Ignoring pictures, transcribe exactly the lines between the one containing "Une grosse bague" and the end of the material, both included.

→ Data for this exercise:
-------
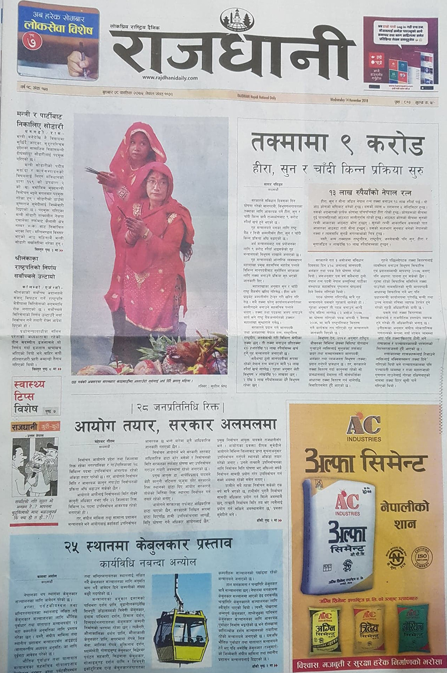 त्यसैगरी, नेकपा नेता वामदेव गौतमले राष्ट्रिय विकास प्राधिकरण गठन गरेर नेतृत्व दिन गरेको प्रस्ताव प्रधानमन्त्रीले अस्वीकार गरेको, पूर्वराष्ट्रसेवकले दोहोरो सुविधा लिएको, मुख्यमन्त्रीकै निवास शंकास्पद रहेकोलगायत खबर पनि आजका पत्रपत्रिकाको हेडलाइन बनेका छन् ।
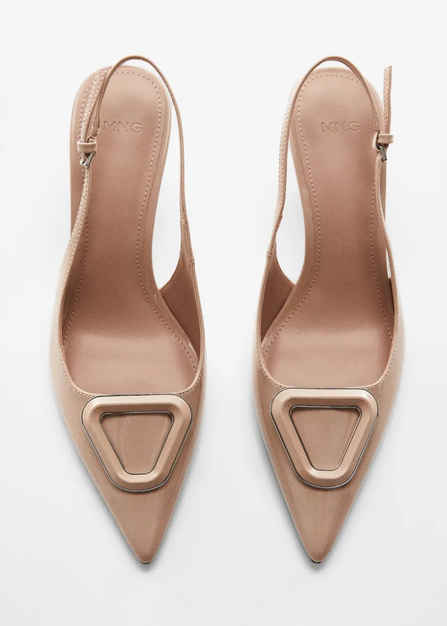 OpisImitacja lakierowanej skóry. Obcas szpilka. Spiczaste zakończenie. Bez pięt. Zapięcie na klamrę. Metalowy eleme…
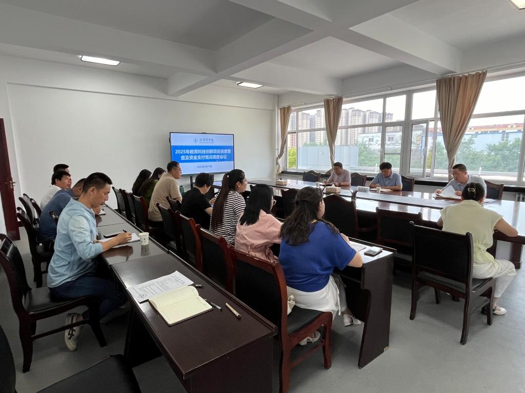 6月17日下午,学校在办公楼305会议室召开了2025年教育科技创新项目进度督查及资金支付情况调度会议。会议由科研处负责人吕小旭主持,党委委员、副校长赵玉敏出席会议并讲话,计划财务处处长朱天荣以及2025年教育科技创新项目负责人参加会议。
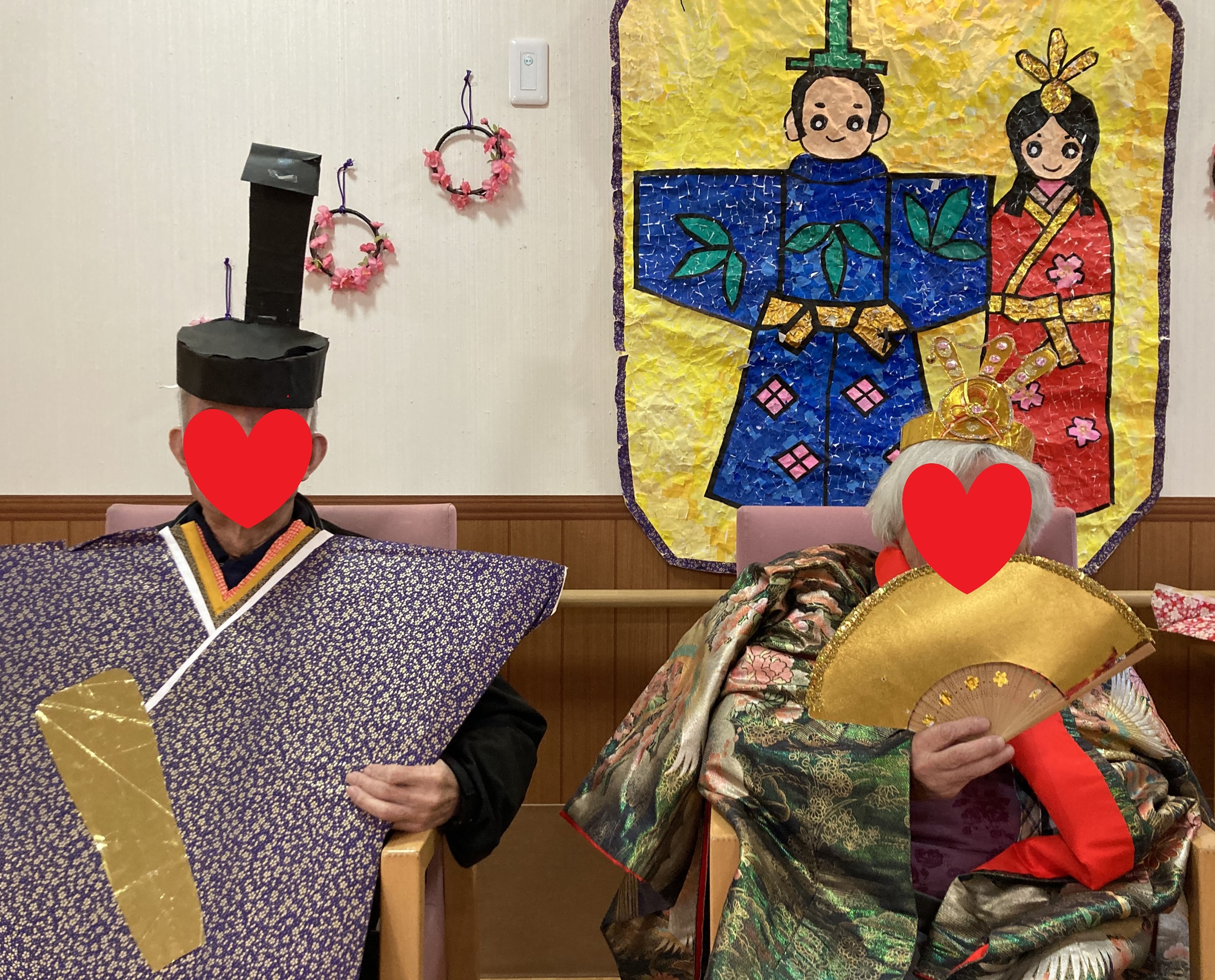 春の暖かい陽気に桜の花も散り始めた時期となりました。3月1日に「ひな祭り」を行いました。ひなあられ何個積めるかゲームでは真剣な表情、お内裏様とお雛様に扮した写真では照れながらも笑顔と、お客様の色々な表情をカメラに収めることが出来ました。甘酒なども振舞われ盛沢山な行事になりました。今後もお客様に楽しんで頂けるレクリエーションを提供していきたいと思います。
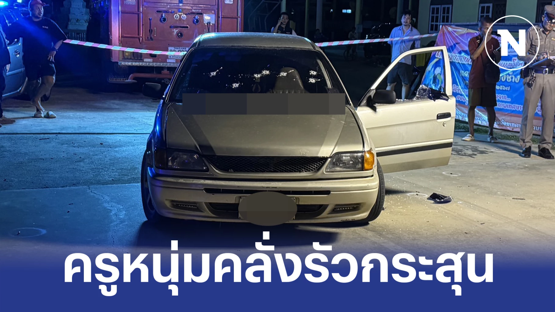 ที่เกิดเหตุพบรถยนต์เก๋ง โตโยต้า สีบรอนทอง ทะเบียนอ่างทอง ที่กระจกหน้ารถ มีรอยถูกยิงด้วยกระสุนปืนจำนวน 8 นัด ที่กระจกด้านคนขับถูกกระสุนปืนยิงจนกระจกแตก ที่กระจกประตูหลังรถ มีรอยกระสุนปืน 1 นัด ที่พื้นพบปลอกกระสุนปืนตกอยู่จำนวนหลายปลอก ภายในรถบริเวณที่นั่งคนขับพบศพ นางดารณี หรือ นิว อายุ 29 ปี ครูอัตราจ้างของโรงเรียนวัดโบสถ์ ที่เบาะด้านข้างคนขับพบศพ นายนิพนธ์ อายุ 59 ปี พ่อของคนขับรถที่เสียชีวิต เจ้าหน้าที่ตำรวจกันพื้นที่บริเวณที่เกี่ยวข้อง ให้ห่างออกจากที่เกิดเหตุ
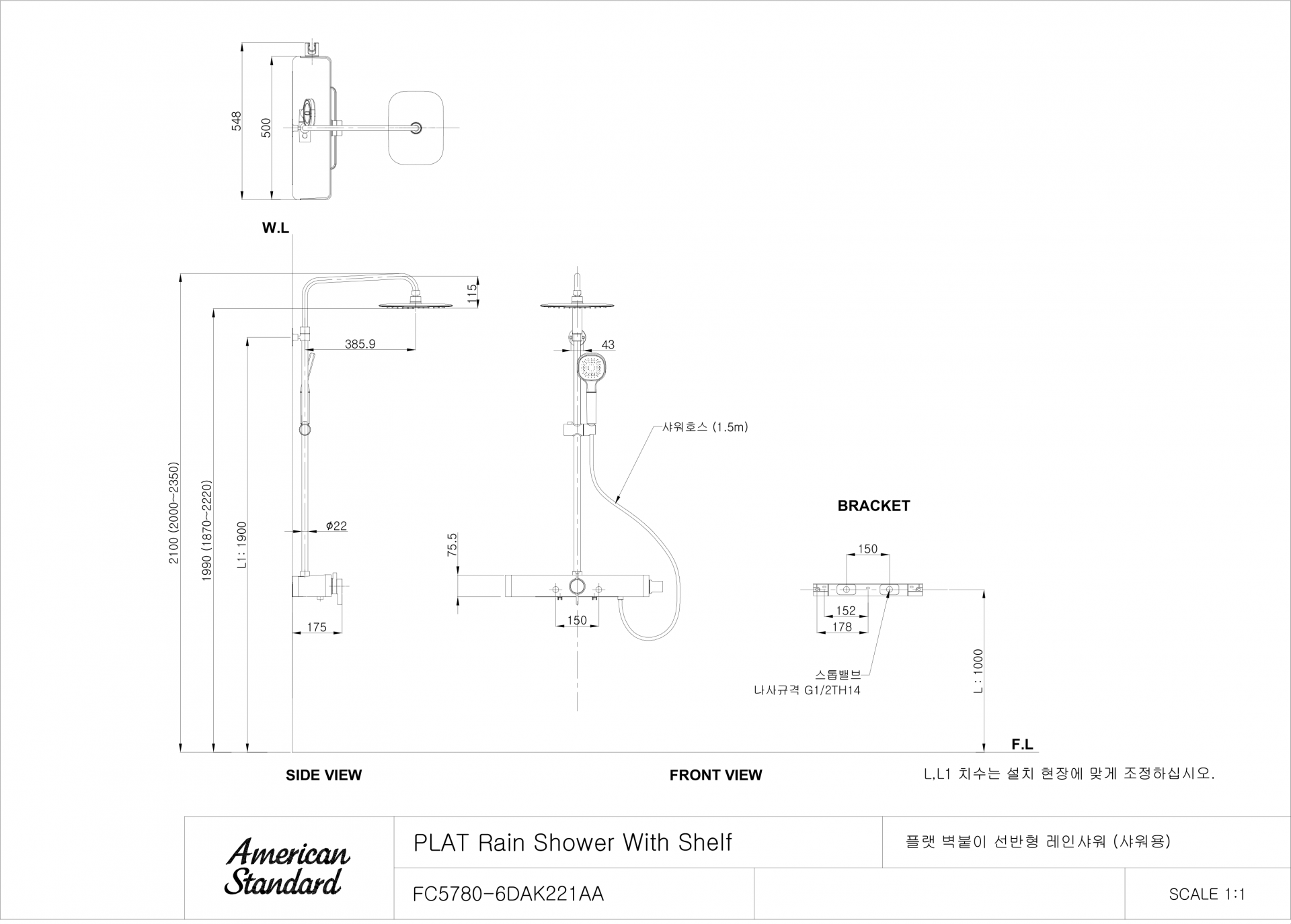 [AMERICAN STANDARD] PLAT NATURAL FC5780 선반형 레인 샤워
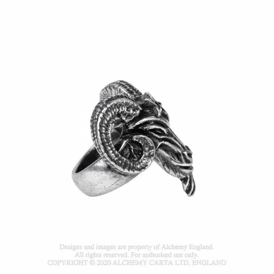 Une grosse bague en Ă©tain vieilli reprĂ©sentant une tĂȘte de chĂšvre Ă cornes avec un pentagramme sur le front, le fameux Baphomet !
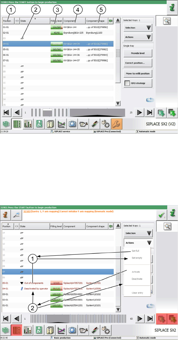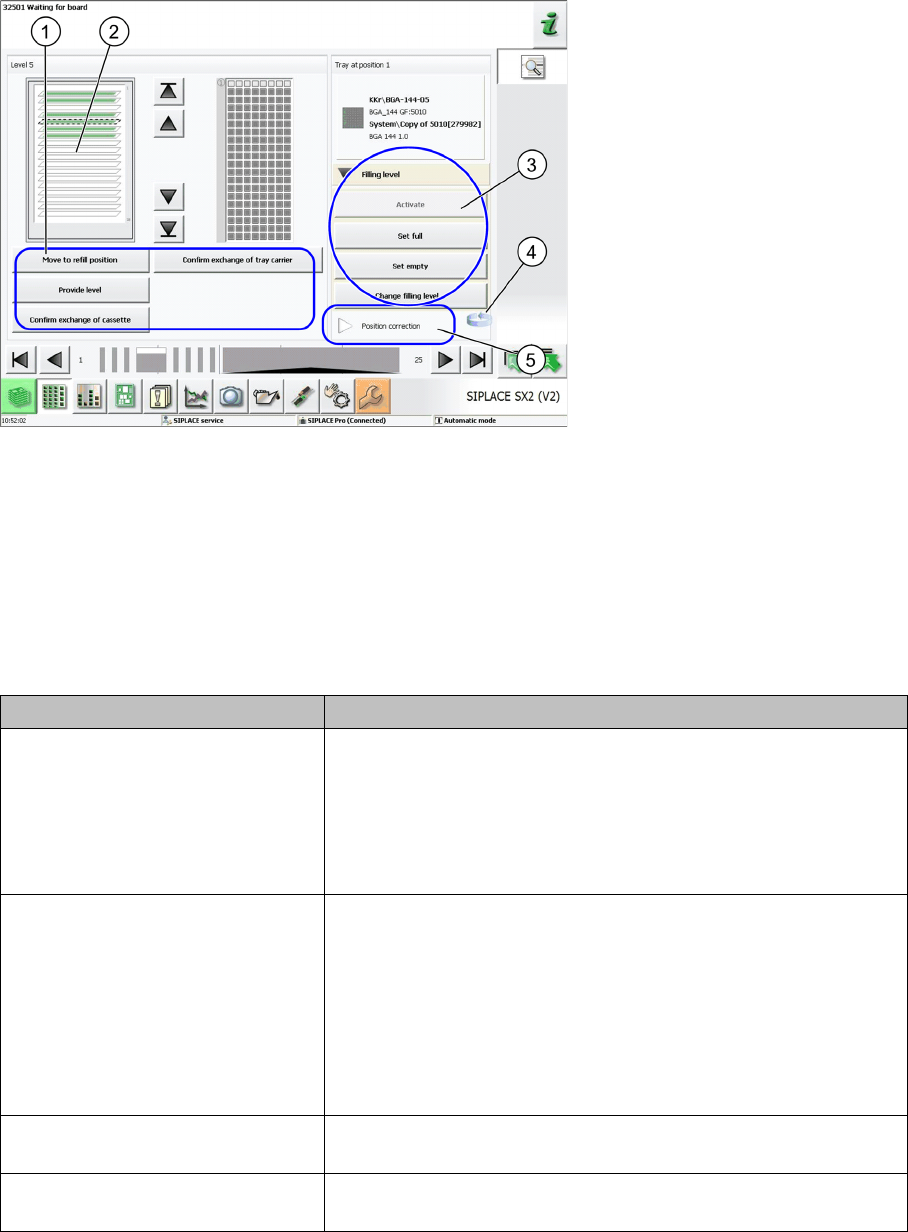 Tasks for SIPLACE JTF-S, SIPLACE JTF-M 5.2.2 Operating the JEDEC Tray Feeder in the Station Software (SW707) Controls and Displays JEDEC Tray Feeder 155 Filling Level Functions fo r the Selected Tray (3) Change filling l…
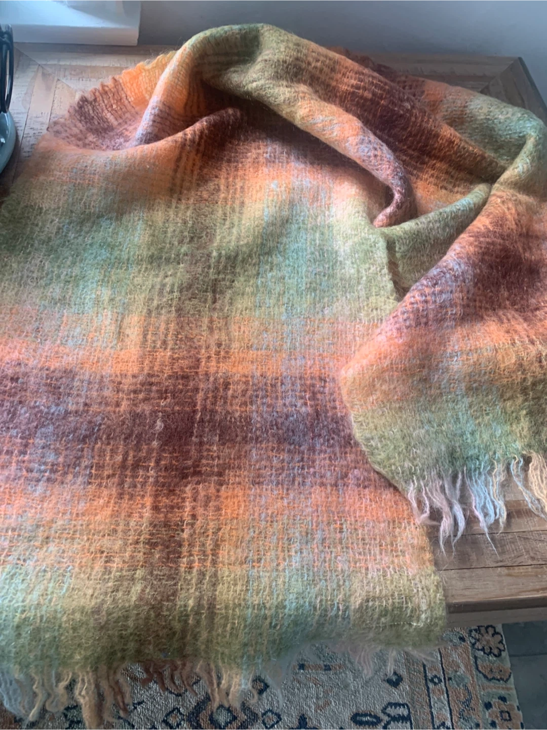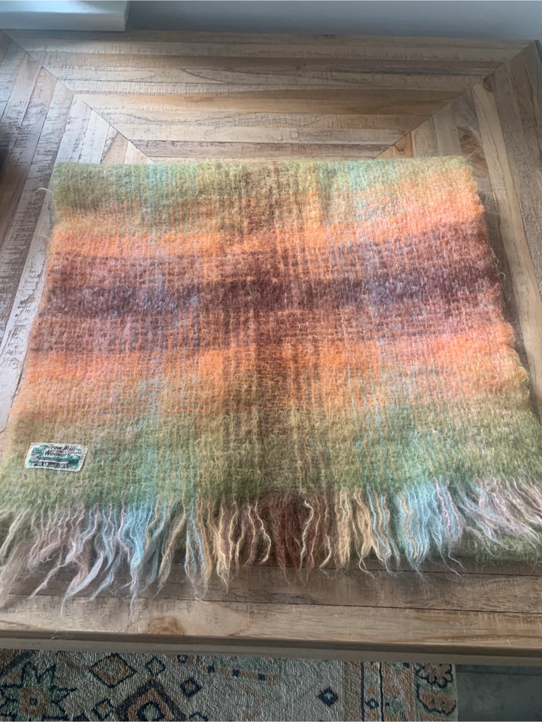 A beautiful scarf from Trow Mill Weavers of Hawick Scotland. It's made of wool with a lovely pastel plaid pattern. Perfect for adding warmth and style .
-------
→ Solution to the exercise:
 Une grosse bague en Ă©tain vieilli reprĂ©sentant une tĂȘte de chĂšvre Ă cornes avec un pentagramme sur le front, le fameux Baphomet !
 Tasks for SIPLACE JTF-S, SIPLACE JTF-M 5.2.2 Operating the JEDEC Tray Feeder in the Station Software (SW707) Controls and Displays JEDEC Tray Feeder 155 Filling Level Functions fo r the Selected Tray (3) Change filling l…
 A beautiful scarf from Trow Mill Weavers of Hawick Scotland. It's made of wool with a lovely pastel plaid pattern. Perfect for adding warmth and style .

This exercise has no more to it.